Positiv bleiben – ohne schlechtes Gewissen!


    Mit spitzer Feder …


    (Bild: zVg)

    Es ist eine unserer menschlichsten Schwächen, dass es zuweilen leicht ist, in uns Begehrlichkeiten zu wecken. Kennen Sie das, liebe Leserinnen und Leser, plötzlich erscheint es uns unumgänglich, etwas haben zu müssen. Dahinter steckt die Vorstellung, dass uns der angestrebte Besitz zufriedener, ja glücklicher machen wird. Und obwohl es meist sogar diese weise, innere Stimme gibt, die uns zuflüstert, dass das nur eine Illusion ist, fällt es doch oft schwer, der Versuchung zu widerstehen – ich jedenfalls arbeite schon lange daran und muss mich selber immer wieder an der Nase nehmen. Und dann kommt mir der römische Philosophen-Kaiser Marc Aurel in den Sinn: «Denk lieber an das, was du hast, als an das, was dir fehlt! Suche von den Dingen, die du hast, die besten aus und bedenke dann, wie eifrig du nach ihnen gesucht haben würdest, wenn du sie nicht hättest!» Uns darauf zu besinnen, was wir haben, bedeutet, es auch wertzuschätzen. Weil es zu uns gehört, weil es uns zur Verfügung steht, weil es dem Hier und Jetzt verbunden ist und nicht mit der vagen Vorstellung einer Zukunft, in der wir uns vielleicht besser fühlen könnten, wenn nur… Und es geht nicht nur um Dinge, um materiellen Besitz. Es geht darum, was wir in unserem Leben haben. Um unsere Familie – egal ob perfekt oder nicht. Es sind Menschen, die uns ein Leben lang begleiten. Natürlich können wir in einem grösseren Haus oder in einer schickeren Wohnung leben. Aber da, wo wir sind, ist unser Zuhause. Und das ist unersetzlich.

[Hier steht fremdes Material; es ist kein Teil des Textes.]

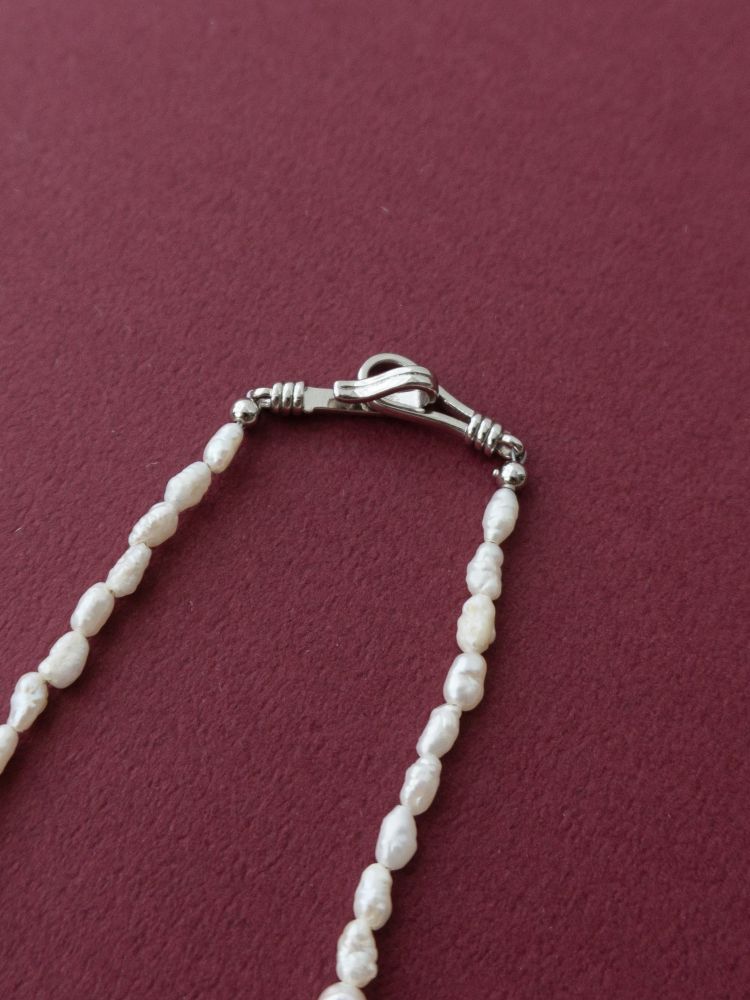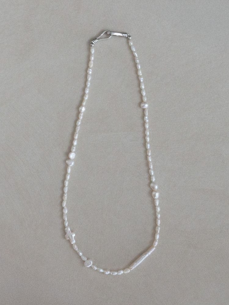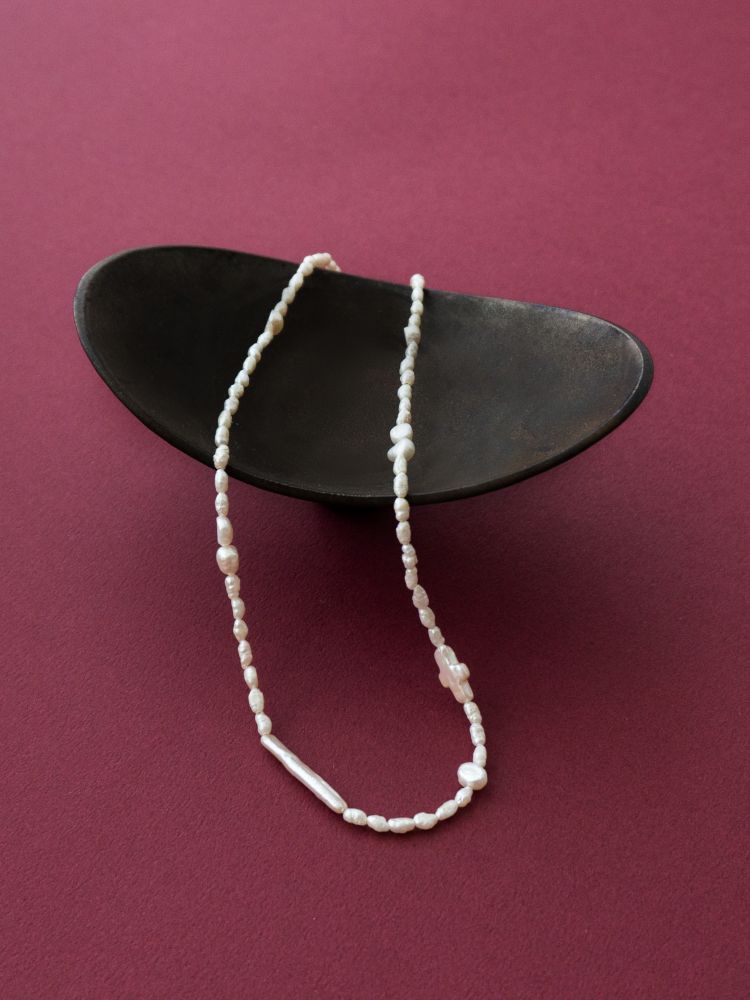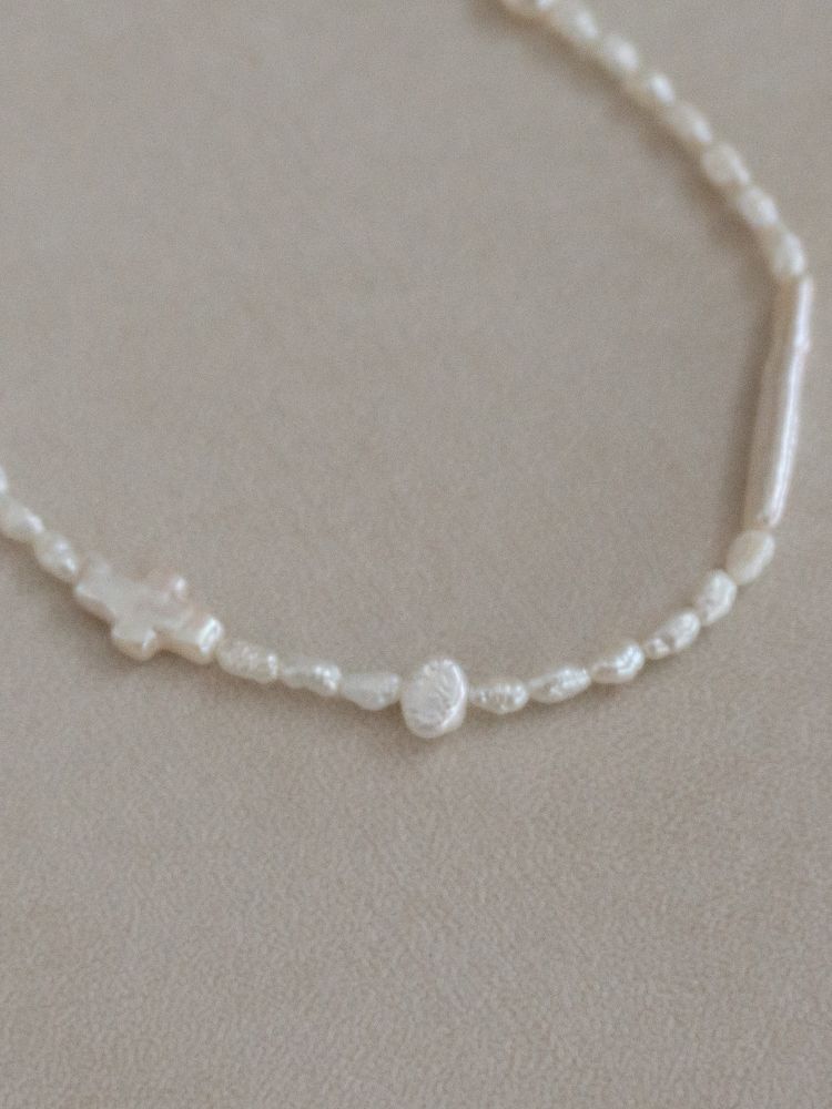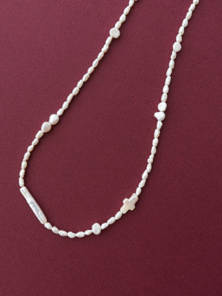 - 담수진주의 은은한 광택 위에 십자가 모티프를 더한 목걸이는 알의 크기와 형태가 일정하지 않은 러프하지만 한 알 한 알 섬세하게 골라졌어요 .과하게 화려하지 않으면서도 존재감이 살아, 데일리와 격식 자리 모두 부드럽게 어울립니다. 연말 연시 크고 작은 모임에 축복 같은 포인트로 착용해 보세요.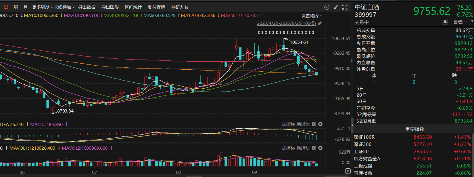 从技术面上,60日均线和120日均线交汇,说明中期趋势开始逆转长期趋势,但是又赶上近期白酒回调,这个地方形成了一个3线交汇,卖盘可能会衰减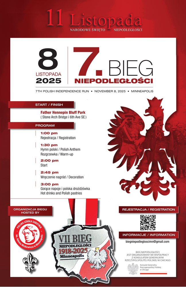 Bieg Niepodległości to okazja do uczczenia na sportowo 107-tej rocznicy odzyskania przez Polskę niepodległości. To nie tylko wydarzenie sportowe, ale też szansa na prezentację Polonii w Minneapolis i podzielenie się naszą radością z tego, że mamy wolną Polskę – nawet jeśli mieszkamy poza jej granicami.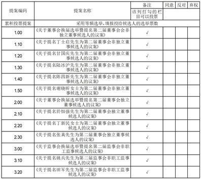 2.填报表决意见或选举票数。本次股东大会议案均为累积投票提案,填报表决意见:同意、反对、弃权。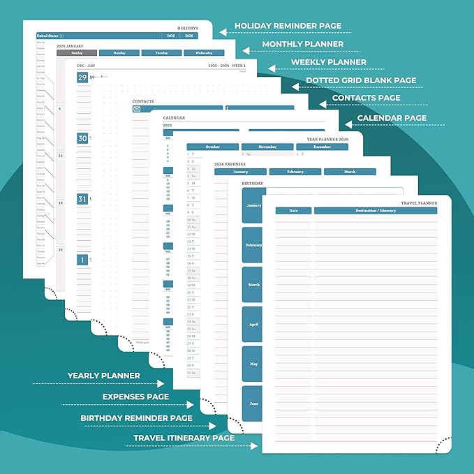 - Professional Grade Material for Your Daily Planner: Crafted with FSC 100GSM thick paper, this 2026 planner ensures good writing with markers while gentle on your eyes through its ivory white pages. The leather soft cover and lay flat binding make it a calendar planner companion for busy professionals, students, and families
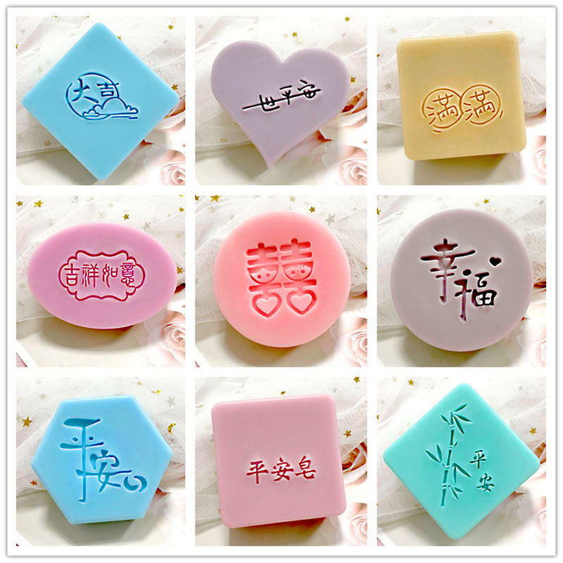 祝福語双喜平安幸福大吉中国語書体手作り石鹸印鑑透明アクリル樹脂石鹸章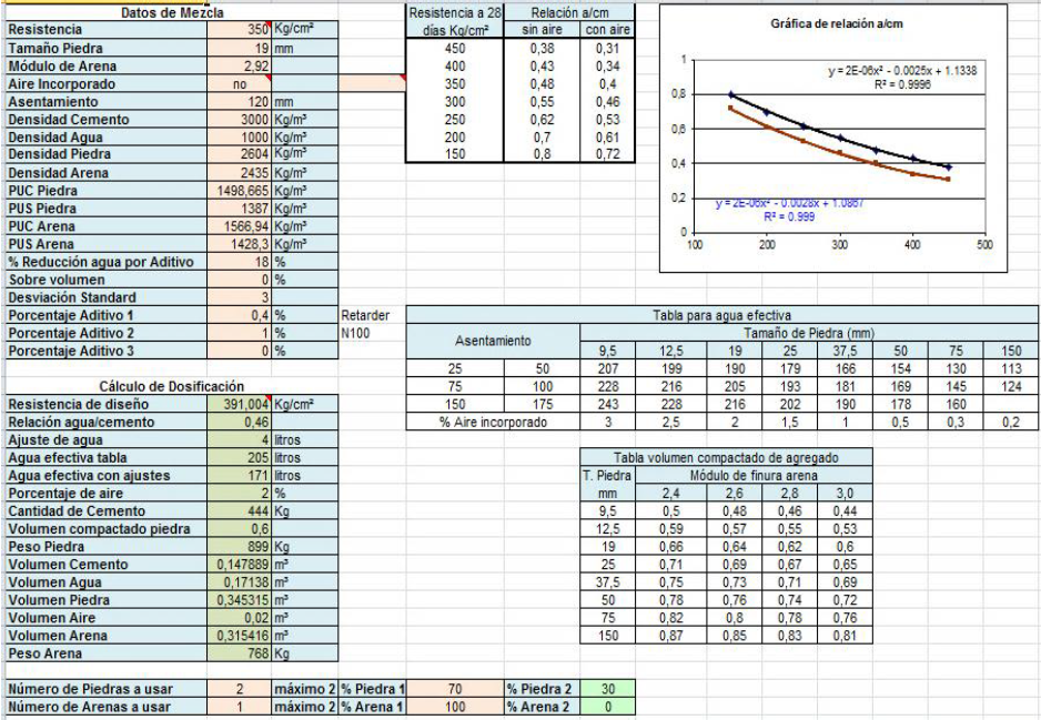 Este diseño de mezcla con relación agua/cemento de 0,46 es muy empleado en la construcción de estructuras costeras del Ecuador, principalmente en la provincia de Manabí.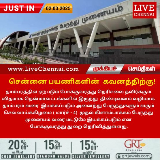 This decision follows the Tamil Nadu State Transport Corporation’s (TNSTC) move to terminate long-distance buses at Kilambakkam instead of Tambaram, particularly those operating via Chengalpattu and Tindivanam. The change was recommended by the Tambaram City Traffic Police to manage increasing vehicular congestion in the area.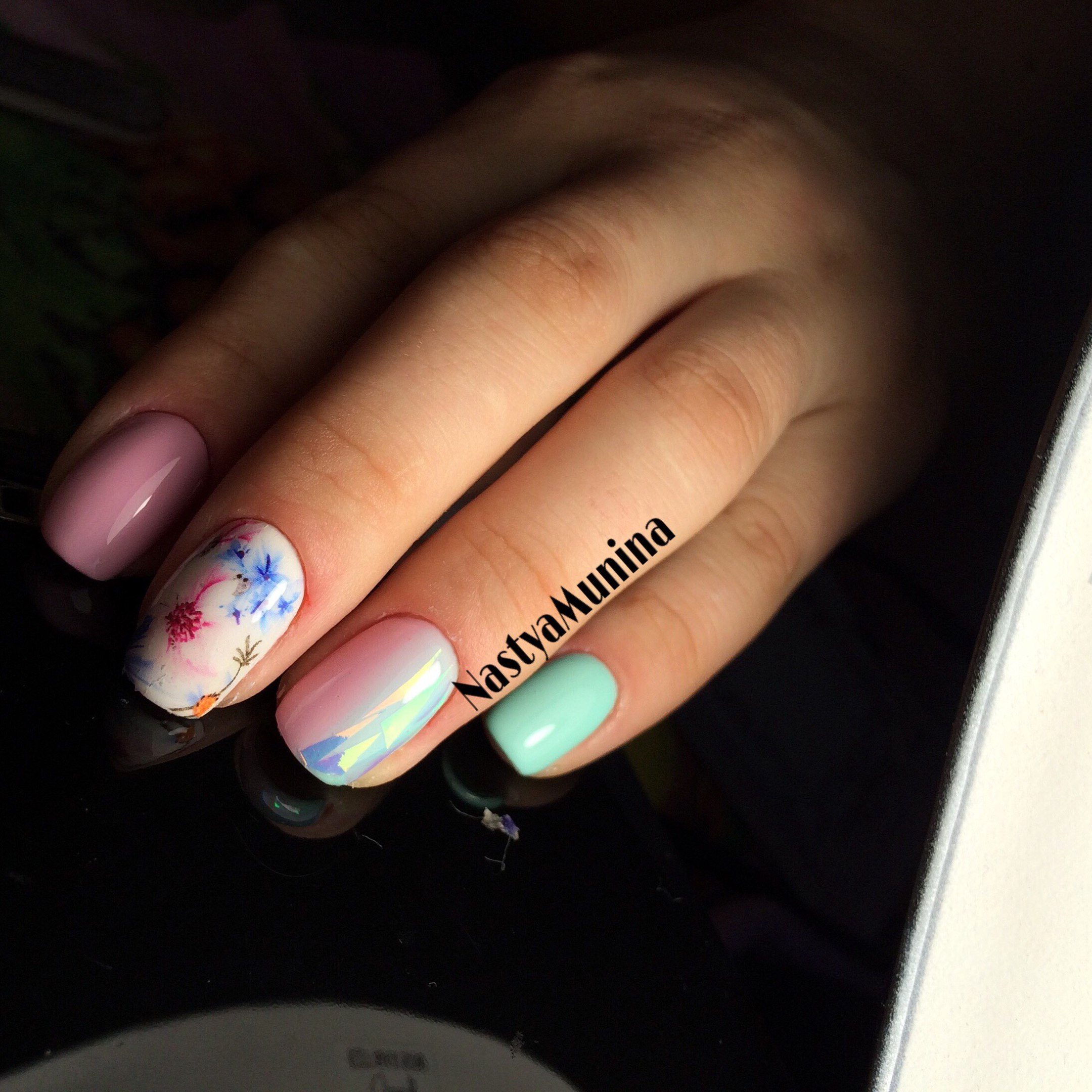 Ceux qui n'ont pas de feuille holographique peuvent utiliser du mica coloré. Une telle manucure est encore plus facile à réaliser, le mica n’ayant pas besoin d’être coupé en morceaux à l’avance. De plus, vous pouvez acheter des autocollants holographiques spéciaux, ce qui accélérera le processus de manucure. Dans les cas extrêmes, vous pouvez utiliser des strass de forme irrégulière, le mica, qui reste d'un bouquet de fleurs ou même d'une enveloppe de chocolat.

    Damit sind wir an einem höchst aktuellen Punkt angelangt. In Zeiten wie diesen mit diesem schrecklichen Krieg in der Ukraine verlieren solche Wünsche und Begehrlichkeiten ihre Relevanz und ihr eigentliches Existenzrecht. Momentan liege ich nachts oft wach und sinniere über das Leben, den Tod, unsere Existenz, den grässlichen Krieg und das immense Leid, über Lebensfreude, ein privilegiertes Leben und ein schlechtes Gewissen. Muss ich mich schämen, wenn ich in diesen Tagen lieber die zauberhaften Bilder meiner kleinen Neffen anschaue, statt den Ukraine-Live-Ticker zu verfolgen und an Solidaritätsdemos zu gehen? Ist es pietätlos, ein Konzert zu besuchen, neue Kleider zu kaufen und schöne Modefotos zu posten? Gesellschaftlich wird zumindest eine Reaktion erwartet. Die Frage ist einfach wie man angemessen reagiert. Das Leid in der Ukraine bewegt mich zu tiefst, macht mich ratlos, ohnmächtig und traurig. Doch ich halte mich an die These der Hedonisten, wonach die Lust die Antriebskraft des Lebens ist und man sich seinem Verlangen – in Massen – hingibt. Denn, wenn sich alles nur noch ums Schwere dreht, fehlt uns die Kraft, jene zu unterstützen, die jetzt Hilfe benötigen. Um uns mit anderen zu solidarisieren und sie unterstützen zu können, ist Mitgefühl nötig, aber kein Mitleid. Der Schock war und ist gross – auch hier in der Schweiz. Dies zeigt die riesige Anteilnahme für die Menschen in der Ukraine. Aber es ist eine Frage des Masses – wie generell immer und überall im Leben. Irgendwann müssen wir uns wieder distanzieren von diesen Emotionen, um nicht in die Angst zu gehen. Denn, wenn man mitleidet und sich nichts Gutes erlaubt, ist das schlecht für unsere Psyche. Denn jede und jeder von uns benötigt positive Emotionen, um Energie zu tanken. Je mehr Negatives wir ansammeln, desto mehr müssen wir dieses kompensieren.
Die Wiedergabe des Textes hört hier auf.